### DATA SUPPLIED:
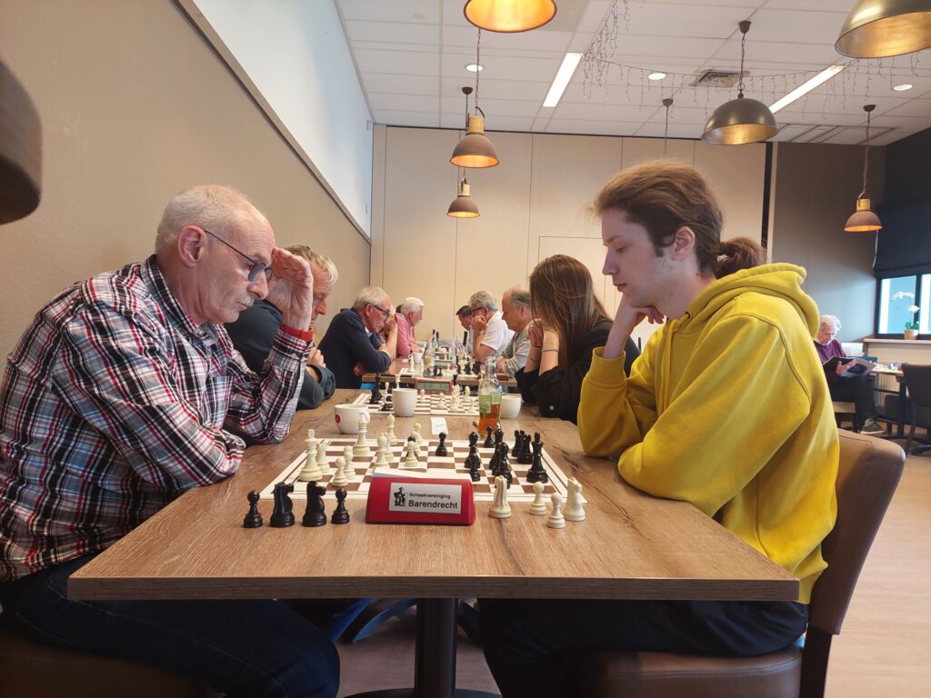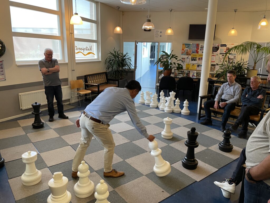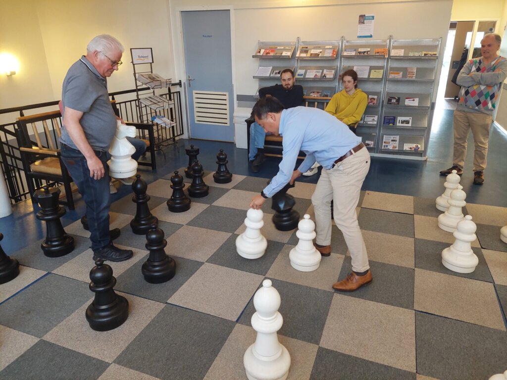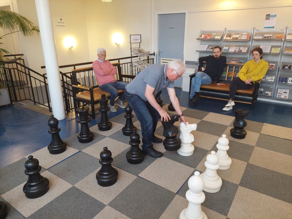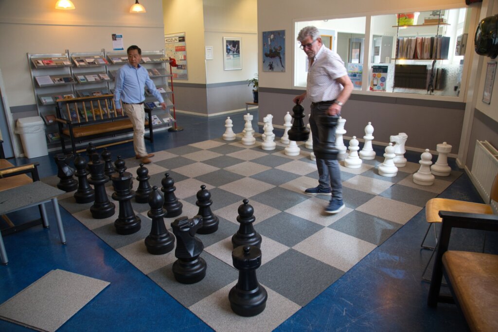 Ondertussen kom er worden geschaakt op een groot schaakspel dat wegens dreigende regen naar binnen was verhuisd.
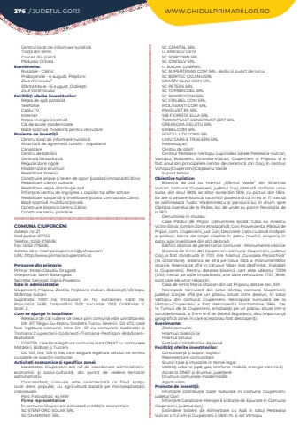 376 / JUDE%u021aUL GORJ WWW.GHIDULPRIMARIILOR.ROCentrul local de informare turistic%u0103Troi%u0163a din lemnCrucea din piatr%u0103P%u0103durea CrihalaEvenimente:Rusaliile - C%u00e2lnicProbojeniile - 6 august, PieptaniZiua minerului%u201dSf%u00e2nta Marie -15 august, Didile%u015ftiZiua V%u00e2rstniculuiFacilit%u00e3%u0163i oferite investitorilor:Re%u0163ea de ap%u0103 potabil%u0103TelefonieCablu TVInternetRe%u0163ea energie electric%u0103C%u0103i de acces modernizateBaz%u0103 sportiv%u0103 modern%u0103 pentru recrutareProiecte de investi%u0163ii:Centru local de informare turistic%u0103Structur%u0103 de agrement turistic - AqualandCanalizareCentru de b%u0103tr%u00e2niCentral%u0103 fotovoltaic%u0103Regularizare rigoleModernizare drumuriReabilitare bisericiConstruire anexe %u015fi teren de sport %u015ecoala Gimnazial%u0103%u00a0C%u00e2lnicReabilitare c%u0103min culturalReabilitare re%u0163ea distribu%u0163ie ap%u0103%u00cenfiin%u0163are centru de %u00eengrijirea a copiilor tip after schoolReabilitare sarpant%u0103 %u015fi %u00eenvelitoare %u015ecoala Gimnaziala C%u00e2lnicBaz%u0103 sportiv%u0103 multifunc%u0163ional%u0103Construire biseric%u0103 centru C%u00e2lnicConstruire sediu prim%u0103rieCOMUNA CIUPERCENIAdres%u0103: nr. 21Cod po%u0219tal: 217155Telefon: 0253-276526; Fax: 0253-276106; Adresa de e-mail: pcciuperceni@yahoo.comURL: http://www.primariaciuperceni.roPersoane din primarie:Primar: Matei-Claudiu Dragot%u0103Viceprimar: Sorin BasangeacSecretar General: Diana PopescuSate %u00een administra%u021bie:Ciuperceni, Priporu, Zorzila, Pe%u015fteana Vulcan, Boboie%u015fti, V%u00e2rtopu, Str%u00e2mba VulcanSuprafa%u021ba:%u00a0 7007 ha; Intravilan:%u00a0 24 ha; Extravilan:%u00a0 6300 ha; Popula%u021bia:%u00a0 1438; Gospod%u0103rii:%u00a0 1103; Locuin%u021be:%u00a0 1103; Gr%u0103dini%u021be:%u00a0 2; %u0218coli:%u00a02; Cum se ajunge in localitate:Re%u021beaua de c%u0103i rutiere ce trece prin comun%u0103 este urm%u0103toarea:DN 67 T%u00e2rgu-Jiu-Motru Drobeta Turnu Severin. DJ 672, care face leg%u0103tura comunei %u00eentre DN 67 cu comunele Godine%u0219ti %u0219i Tismana:Ciuperceni-Godinesti-Tismana-Pe%u0219ti%u0219ani-Br%u0103diceniBuduhalaDJ 673A, care face leg%u0103tura comunei %u00eentre DN 67 cu comunele M%u0103t%u0103sari, Bolbo%u0219i %u0219i TurceniDC 103, 104, 105 %u0219i 106, care asigur%u0103 leg%u0103tura satului de centru cu satele ce apar%u021bin comuneiActivitati economice si specifice zonei:Localitatea Ciuperceni are rol de coordonare administrativeconomic %u015fi socio-cultural%u0103, din punct de vedere teritorial administrativ.Concomitent, comuna este caracterizat%u0103 ca fiind spa%u0163iu rural dens populat, cu agricultur%u0103 bazat%u0103 pe microexploata%u0163ii individuale.Parc Fotovoltaic 45 MW Firme reprezentative:%u00cen comuna Ciuperceni activeaz%u0103 entit%u0103%u021bile economice:SC STENFORD SOLAR SRLSC CHAMONIX SRLSC CAMITAL SRLI.I. ANESCU GETASC SOPCORN SRLSC IONISILV SRLI.I. BALAN GABRIELSC SUPERTRANS COM SRL- sediu %u0219i punct de lucruSC BORTEC GIGANU SRLGRATZY CLAU COM SRLSC PETERS SRLSC TOMBACDEL SRLSC BANIBOCOM SRLSC CRILBEL COM SRLMOLTISANTI COM SRLPAVELVET 89 SRLSIB FIORISTA ELLA SRLTOWINPLAST CONSTRUCT 2017 SRLGREASOVA DELUTU SRLERIBELCOM SRL SEYCEL UTILCONS SRLLIVIU CARS & TRAILERS SRLMe%u0219te%u0219ugari:Centru de ol%u0103ritCentrul Pesteana-Vartopu cuprindea satele Pesteana-Vulcan, Vartopu, Boboiesti, Stramba-Vulcan, Ciuperceni si Priporu %u0219i a fost unul din principalele centre de ceramic%u0103 din Gorj, %u00een centrul V%u00eertopu(Ciuperceni)Carpeanu Vasile Suport tehnicObiective turistice:Biserica de zid cu hramul %u201eSf%u00e2ntul Vasile%u201d din Stramba Vulcan, comuna Ciuperceni, jude%u021bul Gorj dateaz%u0103 conform unor surse, din anul 1809, iar altor surse din 1819, cu picturi din 1824. Ea are o valoare istoric%u0103, localnicii povestind c%u0103 %u00een ea ar fi tras s%u0103 se odihneasc%u0103 Tudor Vladimirescu %u0219i pandurii lui, %u00een drum spre C%u00e2mpia Soarelui de la Pade%u0219, loc de unde au pornit Revolu%u021bia de la 1821.Denumirea %u00een muzeu:Casa P%u00e2r%u00e2ul de Pripor Denumirea local%u0103:%u00a0 Casa lui Anescu Victor Etnia:%u00a0rom%u00e2ni Zona etnografic%u0103:%u00a0Gorj Provenien%u0163a:%u00a0P%u00e2r%u00e2ul de Pripor, com. Ciuperceni, jud. Gorj Descriere: Cas%u0103 cu dou%u0103 %u00eenc%u0103peri %u015fi pridvor; b%u00e2rne de stejar cioplite %u00een patru muchii; acoperi%u015f %u00een patru ape %u00eenvelitoare din %u015fi%u0163%u0103 de brad.Edificii istorice de pe teritoriul comunei - Monumente istoriceBiserica de lemn din Ciuperceni, comuna%u00a0Ciuperceni,%u00a0jude%u021bul Gorj, a fost construit%u0103 %u00een%u00a01701. Are hramul %u201eCuvioasa Paraschiva%u201d (14 octombrie). Biserica se afl%u0103 pe noua list%u0103 a monumentelor istorice. Biserica se afl%u0103 %u00een c%u0103tunul V%u0103ian (sat%u00a0desfiin%u021bat, %u00eenglobat la%u00a0 Ciuperceni). Pentru datarea bisericii cert este v%u0103leatul 7209 (1701) trecut pe u%u0219ile %u00eemp%u0103r%u0103te%u0219ti; alte date vehiculate:%u00a01737,%u00a01848, sunt cele ale unor repara%u021bii.Casa de lemn Maria Stoican din sat Priporu, datare sec, XIX Necropola tumular%u0103 din satul V%u00e2rtop, comuna Ciuperceni jude%u021bul Gorj:se afl%u0103 pe un platou situat %u00eentre dealuri, %u00een satul V%u00e2rtopu din comuna Ciuperceni. Necropola tumular%u0103 de la V%u00e2rtopu-Ciuperceni a fost descoperit%u0103 %u00eenoctombrie 1964. Cei 14 Tumuli de la Ciuperceni, amplasa%u0163i pe un platou situat %u00eentr-o zon%u0103 deluroas%u0103, la 3 km N-E de Dealul Bujor%u0103scu, dau importan%u0163%u0103 geografic%u0103 zonei %u00een care ace%u015ftia au fost descoperi%u0163i.Evenimente:Zilele comuneiHramuri bisericii laHramul satului Festivalul s%u0103rb%u0103torilor de iarn%u0103Facilit%u00e3%u0163i oferite investitorilor:Consultan%u0163%u0103 %u015fi suport logisticReprezentare comunitateScutiri taxe %u015fi impozite %u00een temei legalUtil
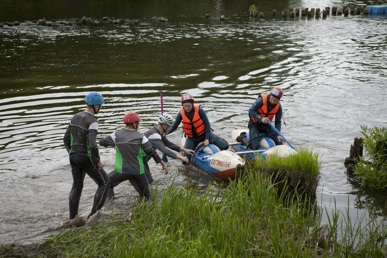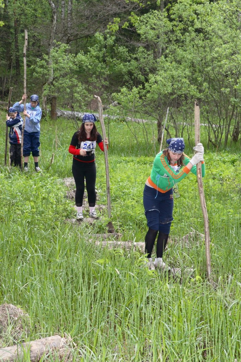 Команда укладывает бревно через препятствие и переправляется на другой берег
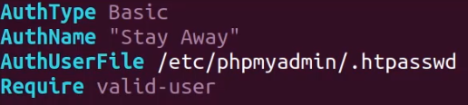 As an added layer of security, we can also leverage the Apache2 authentication functionality to integrate a username and password authentication form that will be configured to protect the phpMyAdmin directory/URL. This can be done by following the procedures outlined below:
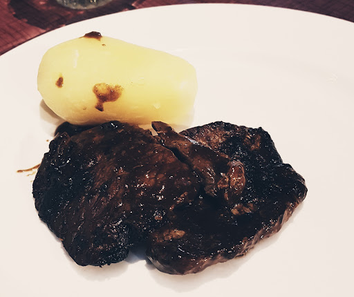 Lämminruokavalikoima: nahistuneet verkkoperunat, nahistuneet ranskalaiset, umpikumiperunoita (miten niihin on saatukin sellainen tiukka kumipinta🤔), teolliset kaalikääryleet, possunpihvit kastikkeessa. Possunfileet oli 2-4milliä paksuja mustia, kuivuneita lätkiä, kastike kuivunutta. Jälkiruoan pullavanukasta en enää ilennyt ottaa.
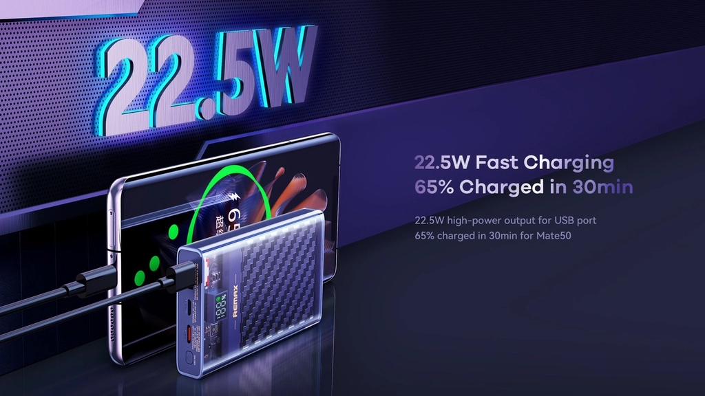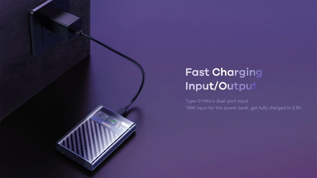 Pin sạc dự phòng 10000mah RPP-551 với thiết kế bề mặt trong suốt hiện rõ các vân carbon bên trong, với lõi pin polymer thế hệ mới với kích thước viên pin 94 x 61 x 22.5mm cùng trọng lượng 190g.

### TASK OBJECTIVE:
Among the lines above, the one with "As an added" opens the part to repeat and the one with "Lämminruokavalikoima: nahistuneet verkkoperunat, nahistuneet" closes it; repeat only that part exactly, with no pictures.

### FINISHED EXERCISE:
 As an added layer of security, we can also leverage the Apache2 authentication functionality to integrate a username and password authentication form that will be configured to protect the phpMyAdmin directory/URL. This can be done by following the procedures outlined below:
 Lämminruokavalikoima: nahistuneet verkkoperunat, nahistuneet ranskalaiset, umpikumiperunoita (miten niihin on saatukin sellainen tiukka kumipinta🤔), teolliset kaalikääryleet, possunpihvit kastikkeessa. Possunfileet oli 2-4milliä paksuja mustia, kuivuneita lätkiä, kastike kuivunutta. Jälkiruoan pullavanukasta en enää ilennyt ottaa.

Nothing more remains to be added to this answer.